SOURCES: John Thomas, Carmen A. Tortora Professor, Quinnipiac University School of Law, Hamden, Conn.; Associated Press

THURSDAY, May 7, 2015 (HealthDay News) -- In a pilot program that could have wide-ranging impact, the drug maker Johnson & Johnson will have independent bioethicists determine whether dying patients should be allowed emergency access to experimental medicines.

The program is a partnership between Johnson & Johnson's Janssen Pharmaceutical Cos. and New York University's medical ethics division, the Associated Press reported Thursday.

NYU's head of medical ethics, Arthur Caplan, will create a committee to evaluate cases where patients ask for so-called compassionate use of experimental drugs. The committee will advise Janssen, which will make the final decision.

Johnson & Johnson said the program will initially be for one yet-to-be-named medication, but it will be expanded if it's considered successful, the AP reported.

The pilot program could be a model for other drug companies, according to Caplan. Janssen will pay a standard fee to the medical school for the committee members' work. Caplan will not be paid, the news service said.

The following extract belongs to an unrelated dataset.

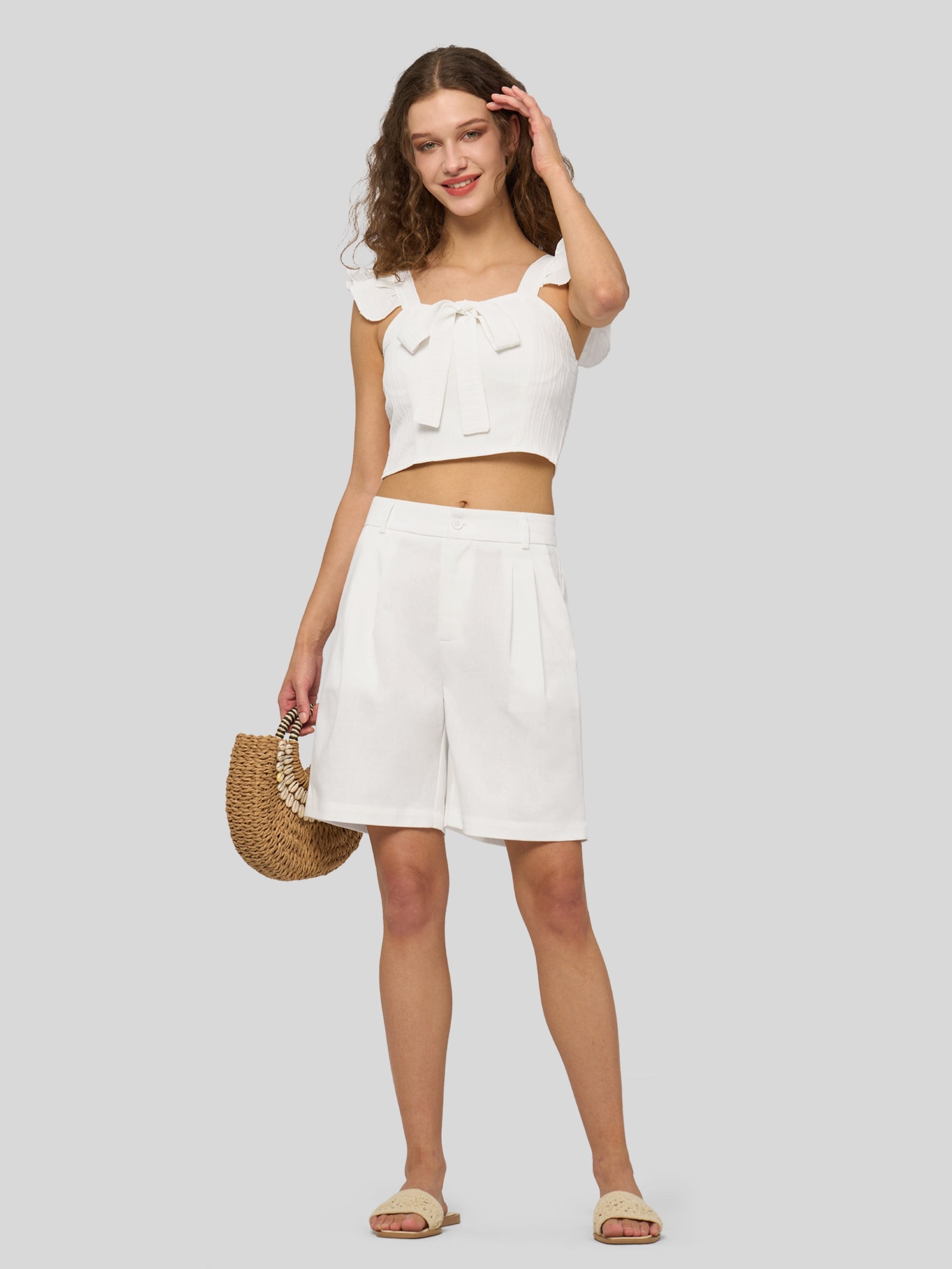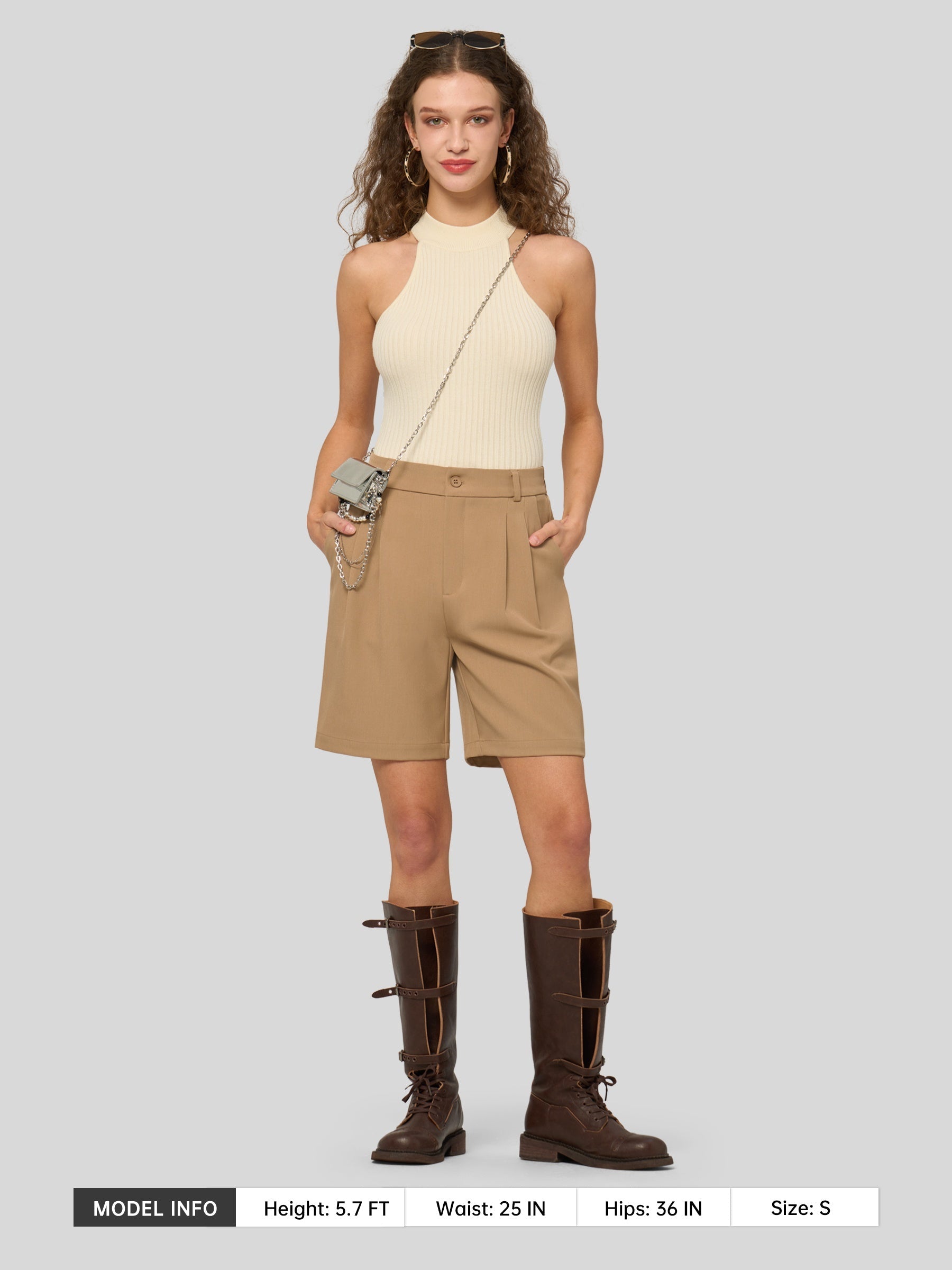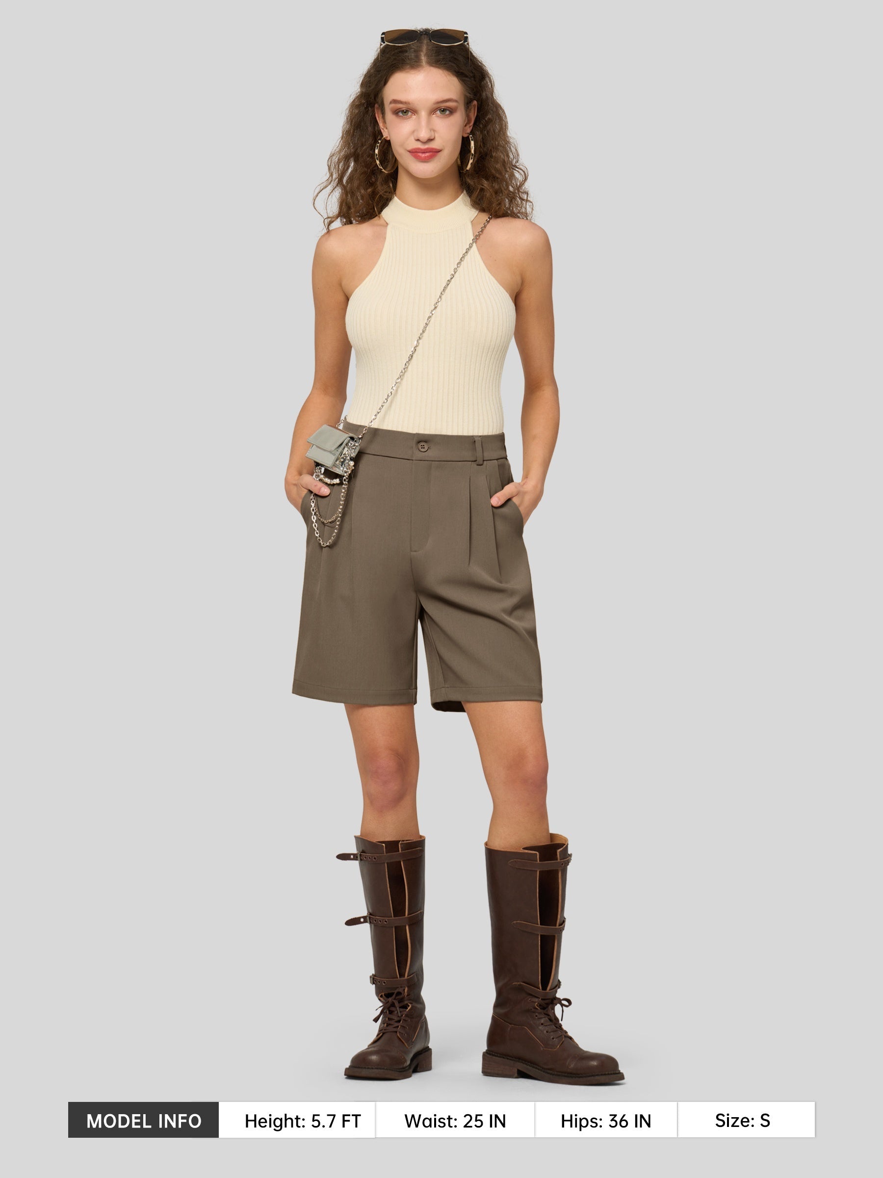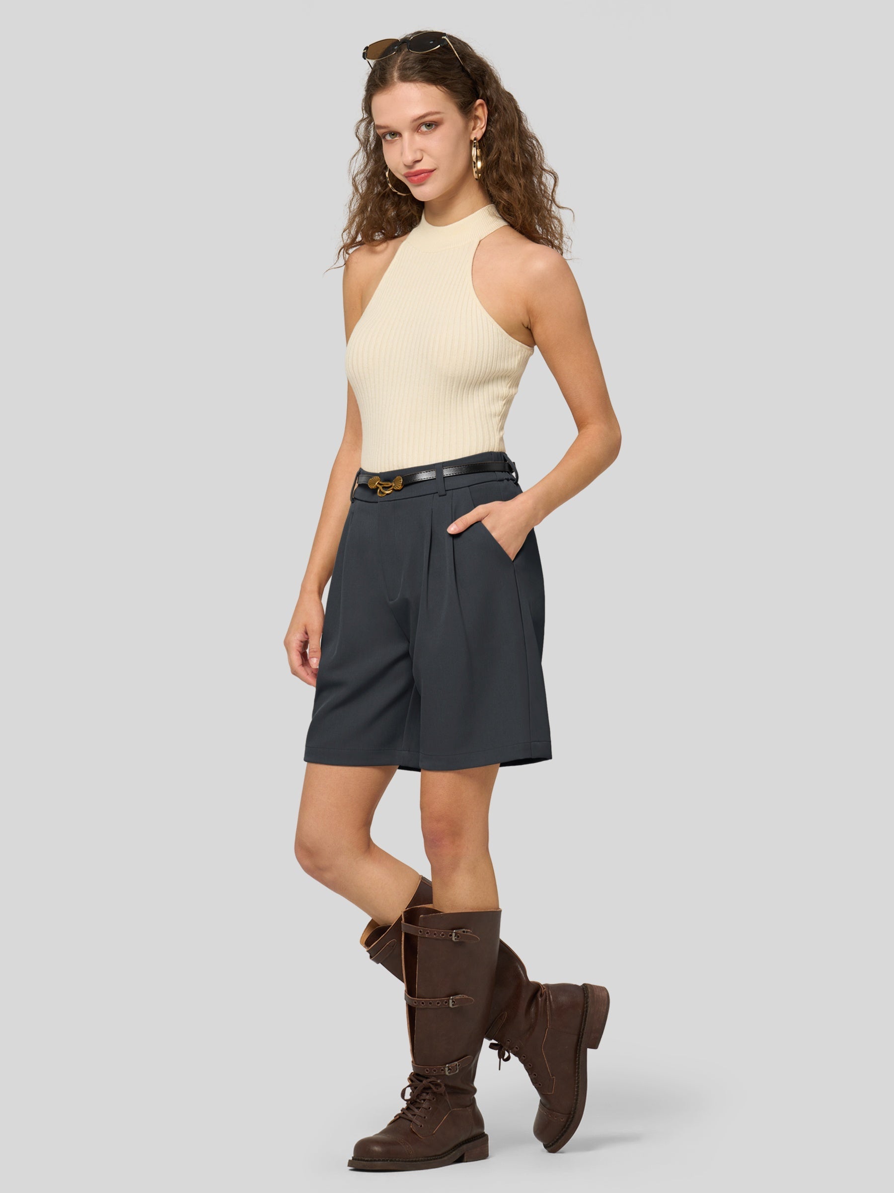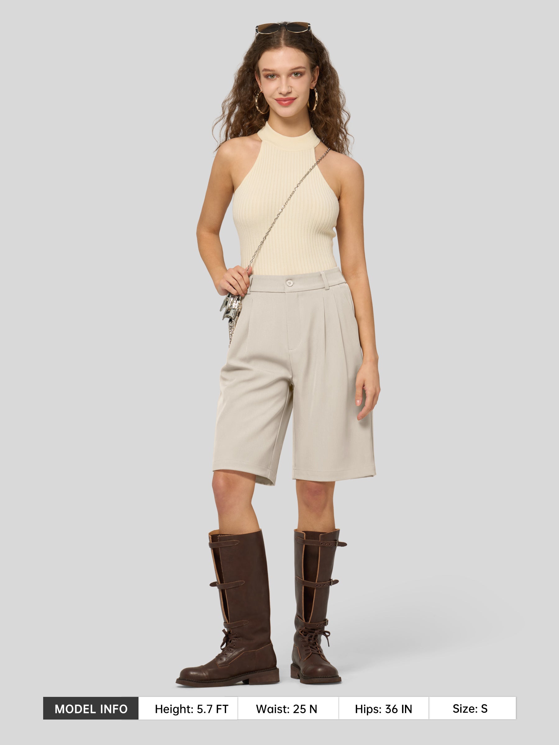 Women's Pleated Linen Shorts 10 Inch

The typical way for gravely ill patients to gain access to experimental drugs is by taking part in clinical trials. Some companies also have "expanded access programs" that give patients access to promising drugs that have completed major studies and are being reviewed by the U.S. Food and Drug Administration, the AP reported.

If neither of those routes work for patients, their doctors may ask for compassionate use of an experimental drug. Legitimate requests are usually approved by the FDA, but drug makers don't have to agree.

They may refuse because they don't have enough doses of the drug, don't consider the patient a good match, or fear that a bad result could reduce the chances the drug would be approved by the FDA, the AP reported.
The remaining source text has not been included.